Exercise aim
Reproduce only this stretch of the listing below: from the line with "Cinchona helps regulate" through the line with "พยากรณ์อากาศ ประจำวันที่ 29 ตุลาคม 2568", exactly as written, with pictures excluded.

Data extract
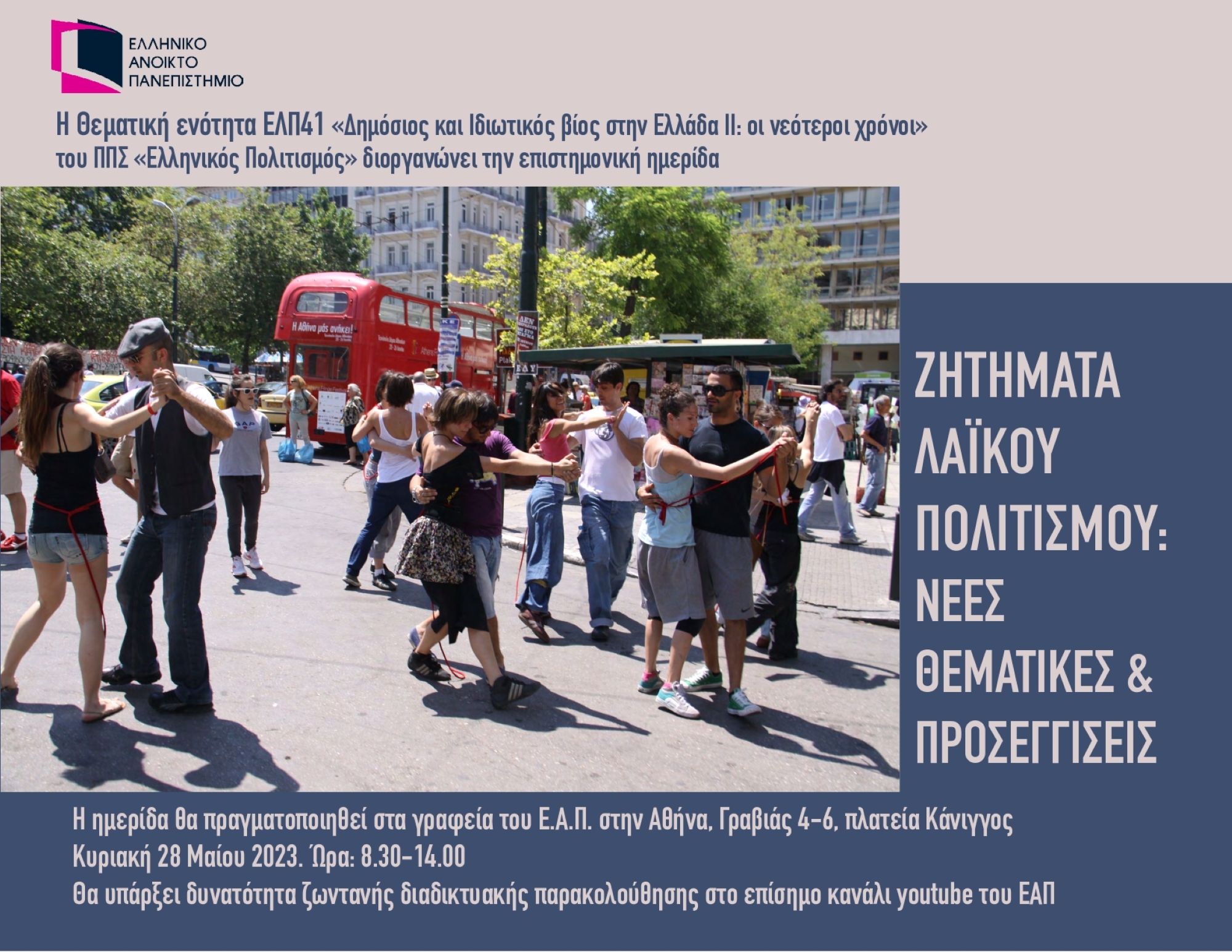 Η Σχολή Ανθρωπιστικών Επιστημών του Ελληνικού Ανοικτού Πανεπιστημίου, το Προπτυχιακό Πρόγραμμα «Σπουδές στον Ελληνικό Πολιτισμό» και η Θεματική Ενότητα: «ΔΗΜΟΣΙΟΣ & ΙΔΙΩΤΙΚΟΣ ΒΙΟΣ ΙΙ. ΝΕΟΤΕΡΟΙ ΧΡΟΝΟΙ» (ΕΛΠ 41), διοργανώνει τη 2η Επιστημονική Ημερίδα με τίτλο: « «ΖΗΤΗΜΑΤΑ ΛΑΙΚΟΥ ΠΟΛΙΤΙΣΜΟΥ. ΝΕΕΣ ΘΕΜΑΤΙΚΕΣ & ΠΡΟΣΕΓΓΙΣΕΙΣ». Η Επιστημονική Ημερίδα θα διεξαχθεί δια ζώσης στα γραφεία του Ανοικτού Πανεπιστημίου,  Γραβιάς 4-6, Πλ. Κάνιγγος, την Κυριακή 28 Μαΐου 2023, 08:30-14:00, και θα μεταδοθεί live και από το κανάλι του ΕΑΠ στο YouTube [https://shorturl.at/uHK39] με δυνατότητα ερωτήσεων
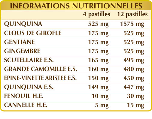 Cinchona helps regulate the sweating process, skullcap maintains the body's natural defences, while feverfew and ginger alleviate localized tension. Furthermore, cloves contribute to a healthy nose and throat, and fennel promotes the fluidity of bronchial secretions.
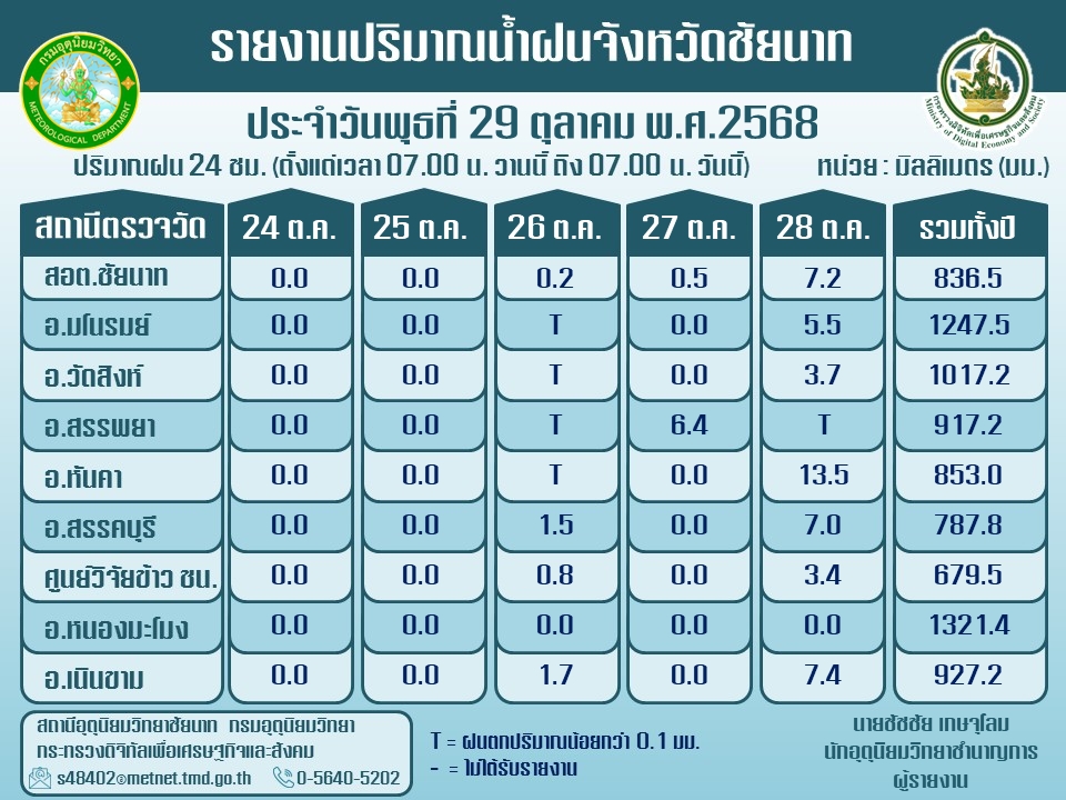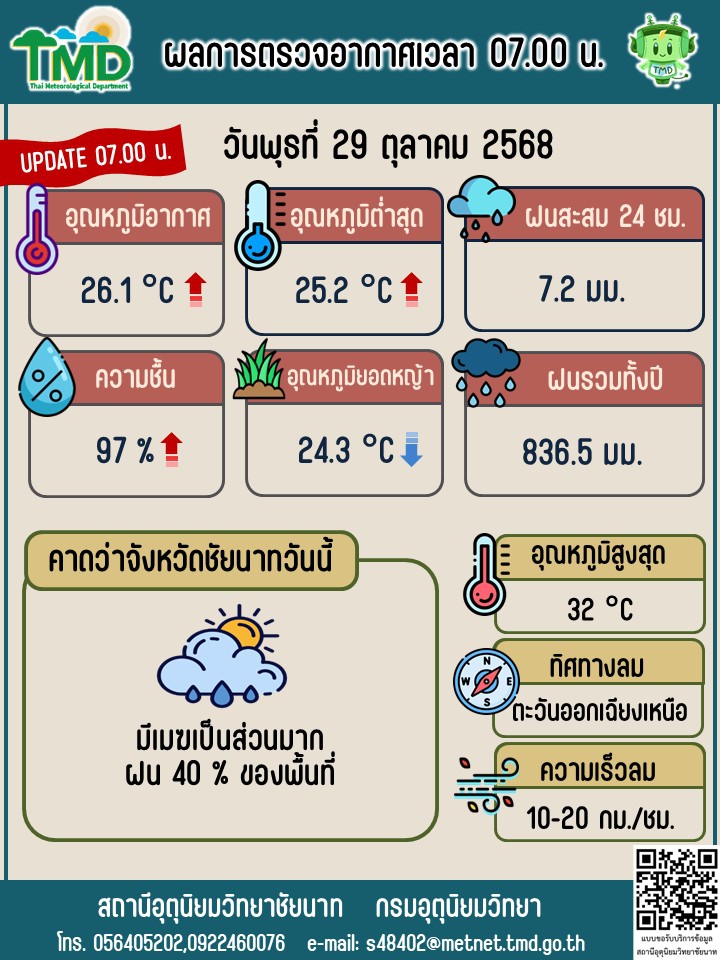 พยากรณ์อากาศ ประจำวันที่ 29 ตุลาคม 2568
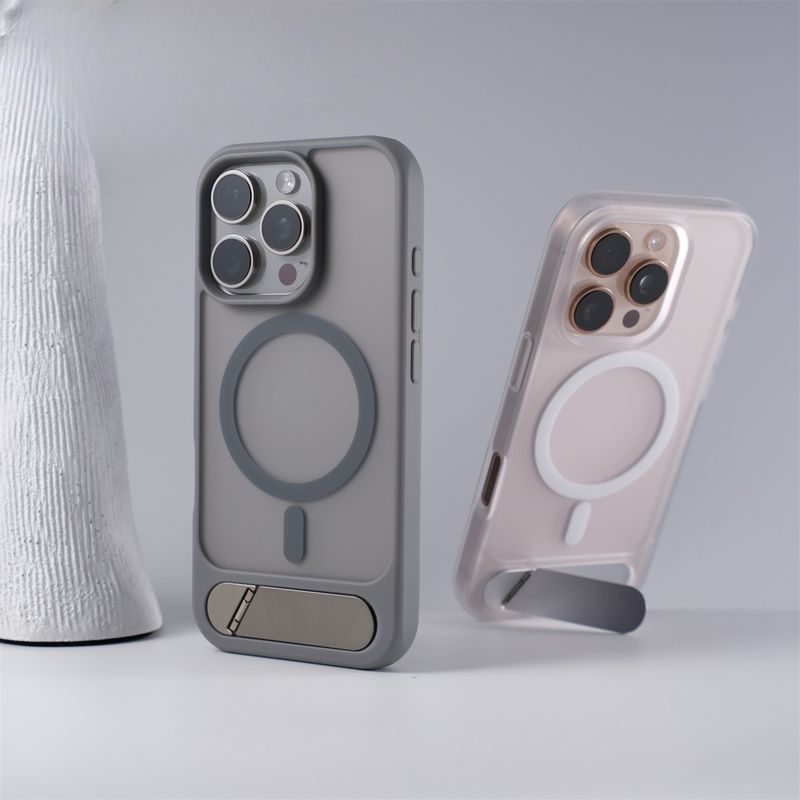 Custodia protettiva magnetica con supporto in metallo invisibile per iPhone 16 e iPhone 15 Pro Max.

Your response
 Cinchona helps regulate the sweating process, skullcap maintains the body's natural defences, while feverfew and ginger alleviate localized tension. Furthermore, cloves contribute to a healthy nose and throat, and fennel promotes the fluidity of bronchial secretions.
 พยากรณ์อากาศ ประจำวันที่ 29 ตุลาคม 2568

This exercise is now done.